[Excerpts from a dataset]
☆ ☆ ☆

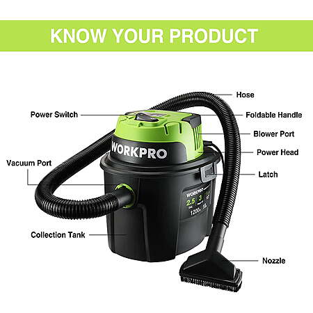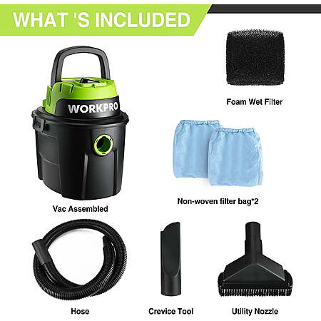 | Product Description: | The WORKPRO Wet Dry Vacuum offers powerful 3 peak horsepower suction in a lightweight, portable design with a 2.5-gallon capacity. Ideal for home, garage, and jobsite use, it features multi-function dry, wet, and blowing capabilities to handle dust, debris, and wet messes efficiently. Equipped with a 10-foot cleaning reach including hose and power cord, plus essential accessories like crevice tool and foam wet filter, this vacuum ensures thorough cleanup with ease and convenience. 3 peak horsepower motor for strong suction power 2.5-gallon tank for compact and lightweight design Includes over 10 feet of cleaning reach with hose, nozzle, and power cord Comes with crevice tool, utility nozzle, foam wet filter, and non-woven filter bags Foldable handle for easy transport and storage Ideal for cleaning hard floors, vehicles, garages, and patios |
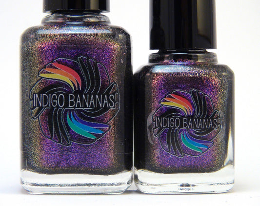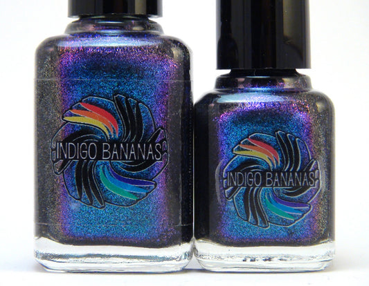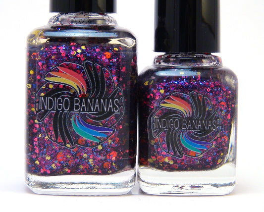 Seven core polishes in the initial Indigo Bananas lineup, with different finishes - a rainbow of polish! (2013 Feb)
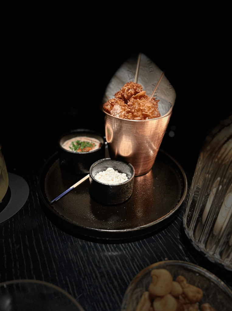 Incorporando técnicas modernas y sabores japoneses locales, el menú de comida de the Gold Bar es exquisitos; aquí tuve el placer de probar pequeños platos divertidos para compartir inspirados en “Izakaya”, un bar informal de estilo japonés, como el celebre sándwich de chuleta de ternera Wagyu – un manjar.
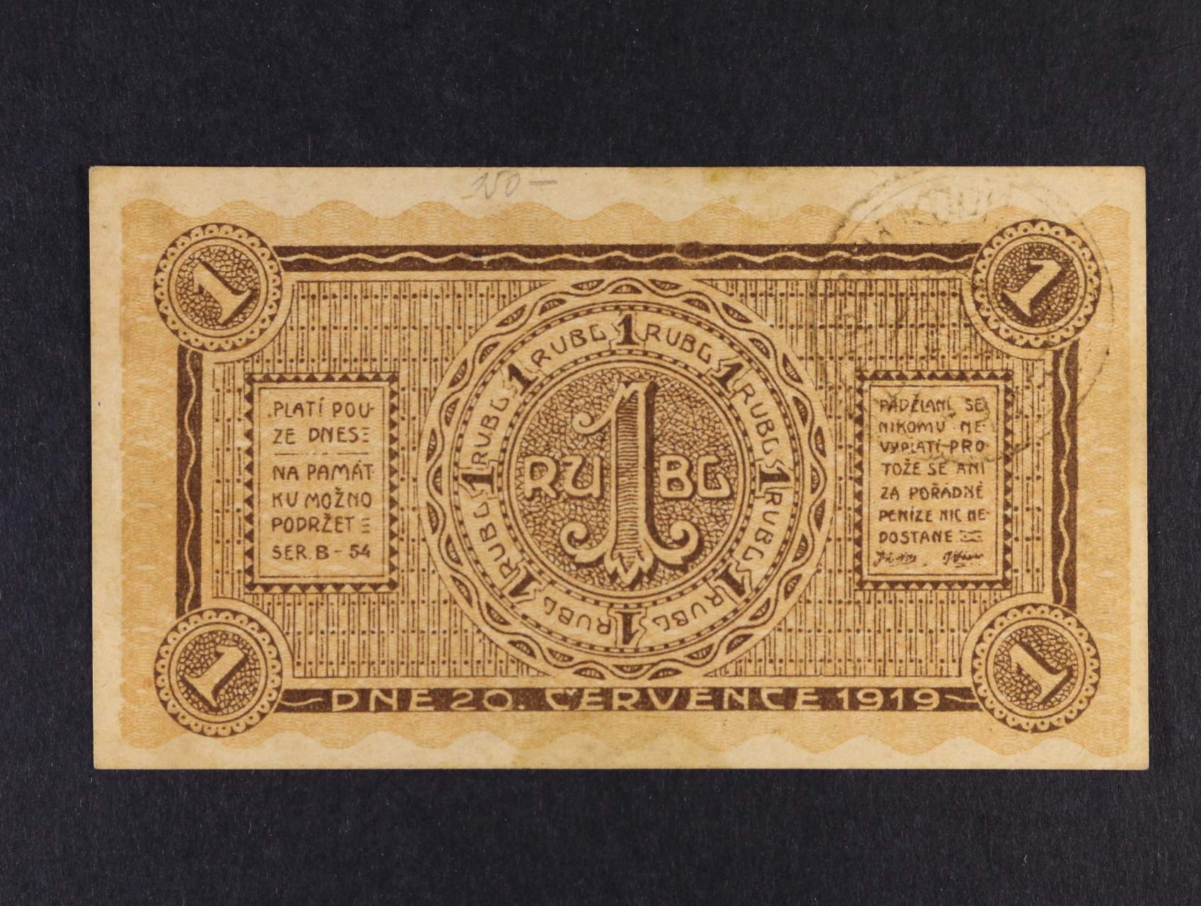 Legionářské poukázky, 1 Rubl 20.7.1919 platí pouze dnes, na A černé raz.
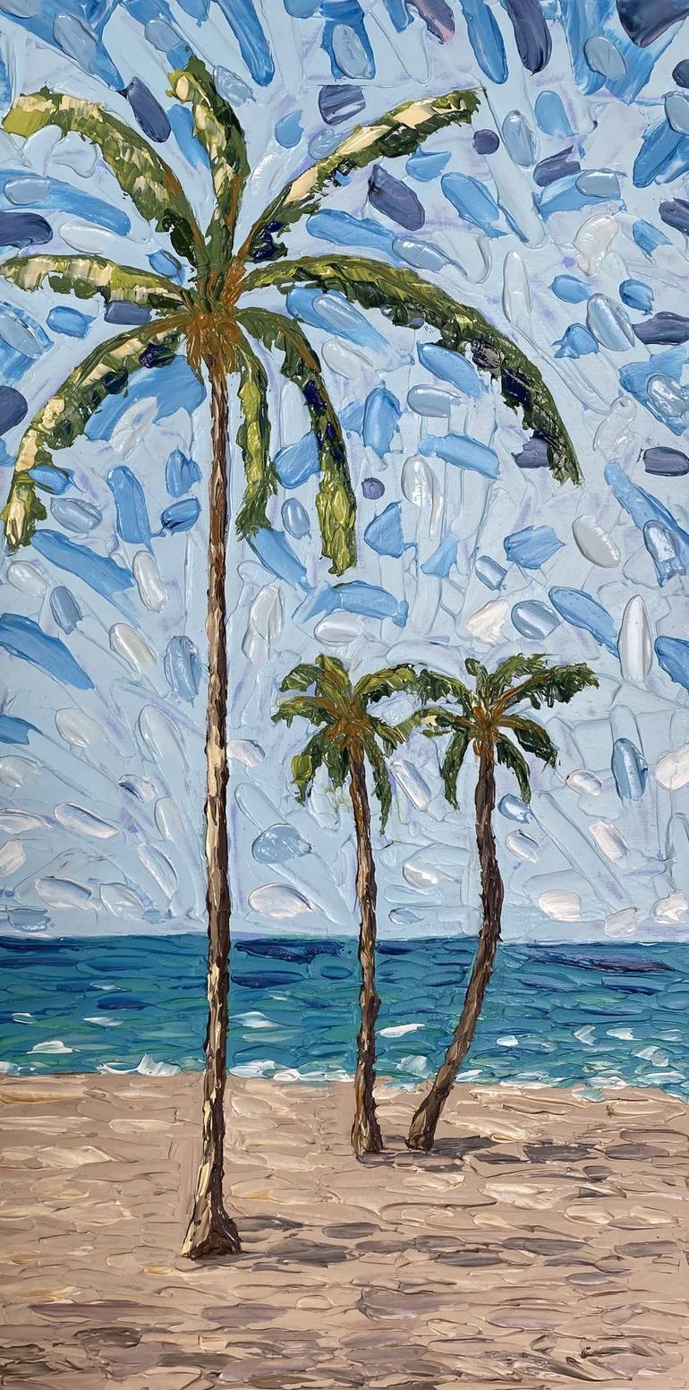 Inspired by summer days and palm trees. Does it remind you of latest holiday or home beach? Whatever is the answer these painting will bring joy to your home. Gallery quality Premium, environmentally friendly, Cotton Duck canvas wrapped around the wooden frame, painted around the edges to complimen...

☆ ☆ ☆

## [Assignment]
Copy out nothing but the lines from the beginning of the records through the one that contains "Seven core polishes". Skip the pictures.

## [Answer to the exercise]
 | Product Description: | The WORKPRO Wet Dry Vacuum offers powerful 3 peak horsepower suction in a lightweight, portable design with a 2.5-gallon capacity. Ideal for home, garage, and jobsite use, it features multi-function dry, wet, and blowing capabilities to handle dust, debris, and wet messes efficiently. Equipped with a 10-foot cleaning reach including hose and power cord, plus essential accessories like crevice tool and foam wet filter, this vacuum ensures thorough cleanup with ease and convenience. 3 peak horsepower motor for strong suction power 2.5-gallon tank for compact and lightweight design Includes over 10 feet of cleaning reach with hose, nozzle, and power cord Comes with crevice tool, utility nozzle, foam wet filter, and non-woven filter bags Foldable handle for easy transport and storage Ideal for cleaning hard floors, vehicles, garages, and patios |
 Seven core polishes in the initial Indigo Bananas lineup, with different finishes - a rainbow of polish! (2013 Feb)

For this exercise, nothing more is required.